Chancellor appears from the shadows to shed some new light on the economy
This Budget was always going to have the shadow of Brexit hanging over it; however, that appears a distant memory given the more pressing concerns surrounding coronavirus, writes Katie Varney – Corporate Tax Partner at Ensors Chartered Accountants.
With that being the backdrop to this Budget, you would also be forgiven for forgetting that Rishi Sunak has only been in the post for less than a month; a busy month it appears to have been.
Unsurprisingly, coronavirus took centre stage and a raft of measures aimed at reducing its economic impact were announced.
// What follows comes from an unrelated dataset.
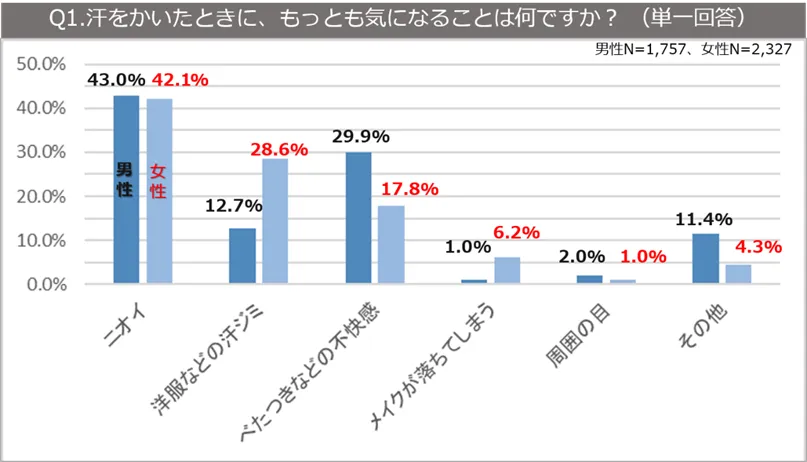 「汗をかいたときに、もっとも気になること」については、男性・女性ともに4割近くが「ニオイ」が気になると一番多く回答がありました。次いで、男性では、「べたつきなどの不快感」と回答した方が、29.9%。女性では、「洋服などの汗ジミ」と回答した方が、28.6%でした。汗をかいたときに、気になる「ニオイ」や、「汗」を抑えてくれる制汗剤。今年も新商品が数多く発売されていますが、どの商品が人気なのでしょう?
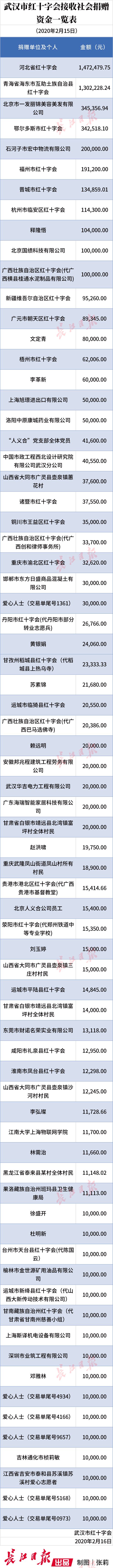 2月15日,武汉市新冠肺炎疫情防控指挥部已拨付物资至湖北省妇幼保健院、湖北省疾病预防控制中心、武汉市金银潭医院、武汉火神山医院、武汉雷神山医院、武汉同济医院、武汉协和医院、武汉大学人民医院、武汉市武昌医院、武汉市第三医院、武汉市中心医院、武汉市中医医院、长江航运总医院、武汉市疾控中心、蔡甸区妇幼保健院、黄陂人民医院、各区卫生健康局、各区疫情防控指挥部等多家单位。现将2月15日接收社会捐赠款明细公示如下,更多明细内容可登录武汉市红十字会官网查询。

As well as the commitment to give the NHS whatever it may need, extensive support for both individuals and businesses was introduced to include the following.
Extending the availability of Statutory Sick Pay (SSP); increasing the availability of benefits to those not entitled to SSP; and reimbursing some businesses who have paid coronavirus related SSP for staff.
Extension of the ‘time to pay’ regime for settling tax liabilities was announced and various working capital loan schemes have also been introduced to assist individuals and businesses.
The Budget announced significant capital expenditure on infrastructure projects including roadways, railways, broadband and the mobile network, but the recommendations of the IFS to increase taxes appear to have been largely ignored.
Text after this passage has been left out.